** Given records follows **

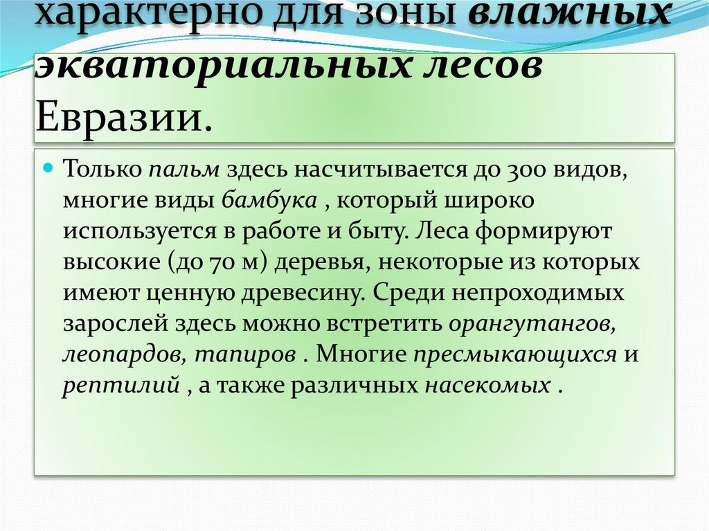24. Богатство флоры и фауны характерно для зоны влажных экваториальных лесов Евразии.
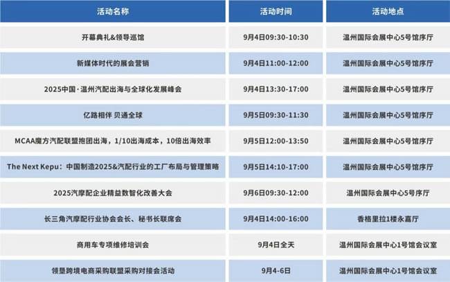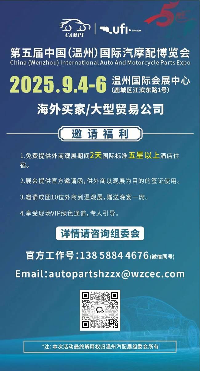第五届温州国际汽配展将于 9 月 4-6 日在温州国际会展中心盛大启幕!展会汇聚 1500 + 优质展商,展览面积达 40000㎡,预计吸引 30000 + 专业参观人次。为帮大家高效逛展,下面这份详尽观展攻略千万别错过!
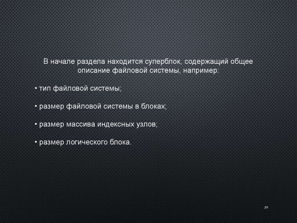 В начале раздела находится суперблок, содержащий общееописание файловой системы, например:
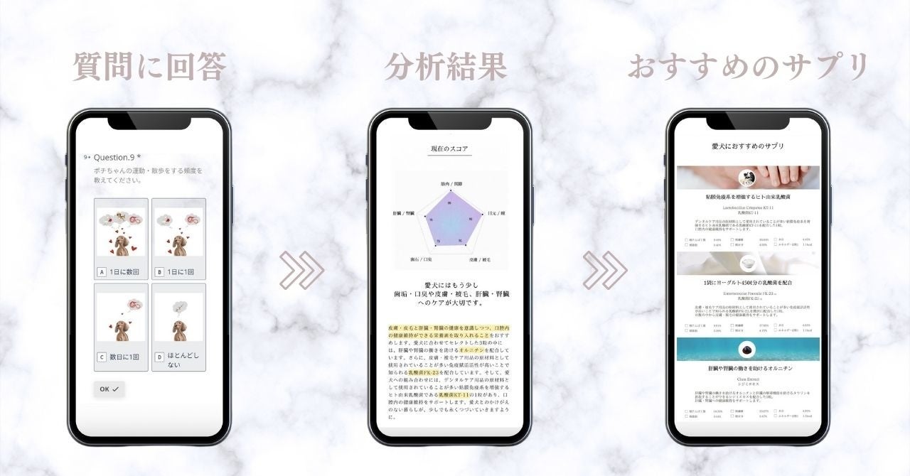 この度、よりパーソナライズ性を高めたサプリメントを提供するために、①豊富な回答パターン②分析結果の可視化③おすすめする理由の明確化 の3点を踏まえて、新たに『愛犬の体調分析』として分析システムをリリース致しました。
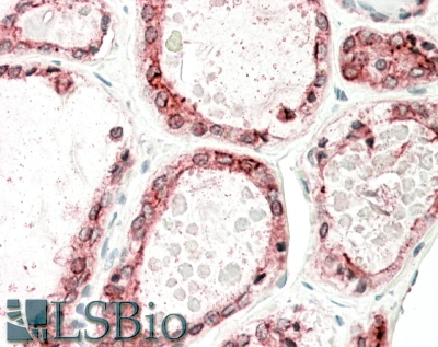 IHC Results In paraffin embedded Human Thyroid Gland shows textured staining in the cytoplasm of epithelial cells. Recommended concentration, 5-10µg/ml. | |
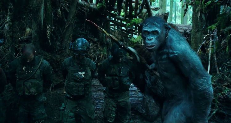 War for the Planet of the Apes opens with scenes that are familiar to American viewers: soldiers silently work their way through the jungle, looking for the enemy. The camera angle switches and they pull up short: three Kong have been spotted on the hill. The soldiers’ helmets are scrawled with slogans for morale, and we already get the sense we’ll hear a Jimi Hendrix song.

** End of Given records **

• _Exercise brief_: Except for the pictures, the whole listing above should be transcribed exactly.

• _Written solution_:
24. Богатство флоры и фауны характерно для зоны влажных экваториальных лесов Евразии.
第五届温州国际汽配展将于 9 月 4-6 日在温州国际会展中心盛大启幕!展会汇聚 1500 + 优质展商,展览面积达 40000㎡,预计吸引 30000 + 专业参观人次。为帮大家高效逛展,下面这份详尽观展攻略千万别错过!
 В начале раздела находится суперблок, содержащий общееописание файловой системы, например:
 この度、よりパーソナライズ性を高めたサプリメントを提供するために、①豊富な回答パターン②分析結果の可視化③おすすめする理由の明確化 の3点を踏まえて、新たに『愛犬の体調分析』として分析システムをリリース致しました。
 IHC Results In paraffin embedded Human Thyroid Gland shows textured staining in the cytoplasm of epithelial cells. Recommended concentration, 5-10µg/ml. | |
 War for the Planet of the Apes opens with scenes that are familiar to American viewers: soldiers silently work their way through the jungle, looking for the enemy. The camera angle switches and they pull up short: three Kong have been spotted on the hill. The soldiers’ helmets are scrawled with slogans for morale, and we already get the sense we’ll hear a Jimi Hendrix song.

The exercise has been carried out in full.